One of the greatest gifts we can give others is ourselves. We offer consolation and comfort, especially in moments of crisis, when we say: “Do not be afraid, I know what you are living and I am living it with you. You are not alone.” Thus we become Christ-like shepherds.
The Shepherd and the Sheep
Spiritual leadership is the leadership of the Good Shepherd. As Jesus says, good shepherds know their sheep, and their sheep know them (see John 10:14). There must be a true mutuality between shepherds and their sheep. Good leaders know their own, and their own know them. Between them is mutual trust, mutual openness, mutual care, and mutual love. To follow our leaders we cannot be afraid of them, and to lead our followers we need their encouragement and support.
Jesus calls himself the Good Shepherd to show the great intimacy that must exist between leaders and those entrusted to them. Without such intimacy, leadership easily becomes oppressive.
Authority and Obedience
Authority and obedience can never be divided, with some people having all the authority while others only have to obey. This separation causes authoritarian behaviour on the one side and doormat behaviour on the other. It perverts authority as well as obedience. A person with great authority who has nobody to be obedient to is in great spiritual danger. A very obedient person who has no authority over anyone is equally in danger.
Jesus spoke with great authority, but his whole life was complete obedience to his Father, and Jesus, who said to his Father, “Let it be as you, not I, would have it” (Matthew 26:39), has been given all authority in heaven and on earth (see Matthew 28:18). Let us ask ourselves: Do we live our authority in obedience and do we live our obedience with authority?
The Authority of Compassion
Mostly we think of people with great authority as higher up, far away, hard to reach. But spiritual authority comes from compassion and emerges from deep inner solidarity with those who are “subject” to authority. The one who is fully like us, who deeply understands our joys and pains or hopes and desires, and who is willing and able to walk with us, that is the one to whom we gladly give authority and whose “subjects” we are willing to be.
It is the compassionate authority that empowers, encourages, calls forth hidden gifts, and enables great things to happen. True spiritual authorities are located in the point of an upside-down triangle, supporting and holding into the light everyone they offer their leadership to.

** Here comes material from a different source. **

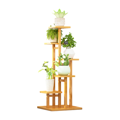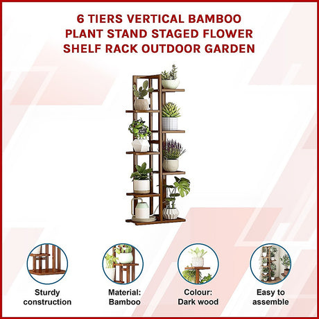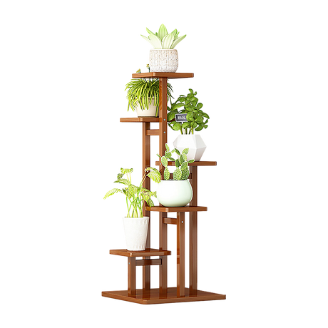 6 Tiers Vertical Bamboo Plant Stand Staged Flower Shelf Rack Outdoor Garden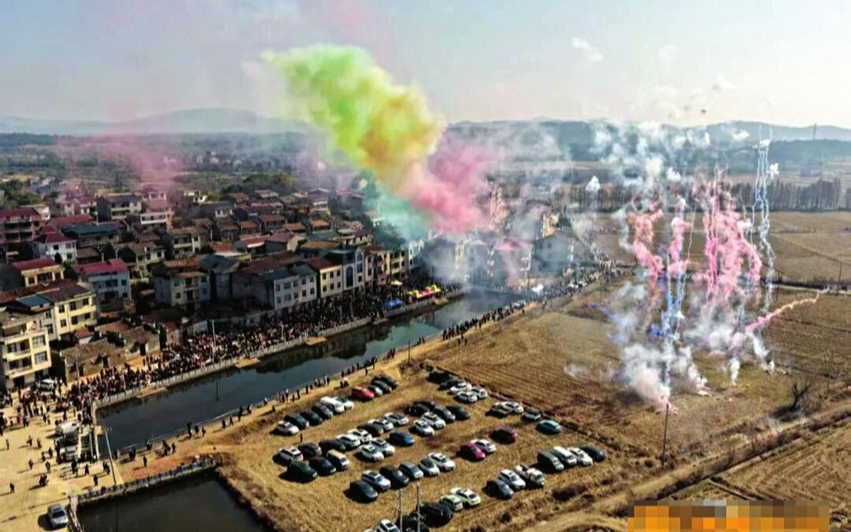 网红“卧龙哥”举办的杀猪宴活动中的烟花秀。据南昌晚报

Loving Our Spiritual Leaders
Religious leaders, priests, ministers, rabbis, and imams can be admired and revered but also hated and despised. We expect that our religious leaders will bring us closer to God through their prayers, teaching, and guidance. Therefore, we watch their behavior carefully and listen critically to their words. But precisely because we expect, often without fully realising it, to be superhuman, we are easily disappointed or even feel betrayed when they prove to be just as human as we are. Thus, our unmitigated admiration quickly turns into unrestrained anger.
Let’s try to love our religious leaders, forgive them their faults, and see them as brothers and sisters. Then we will enable them, in their brokenness, to lead us closer to the heart of God.
Being Handed Over to Suffering
People who live close together can be sources of great sorrow for one another. When Jesus chose his twelve apostles, Judas was one of them. Judas is called a traitor. A traitor, according to the literal meaning of the Greek word for “betraying,” is someone who hands the other over to suffering.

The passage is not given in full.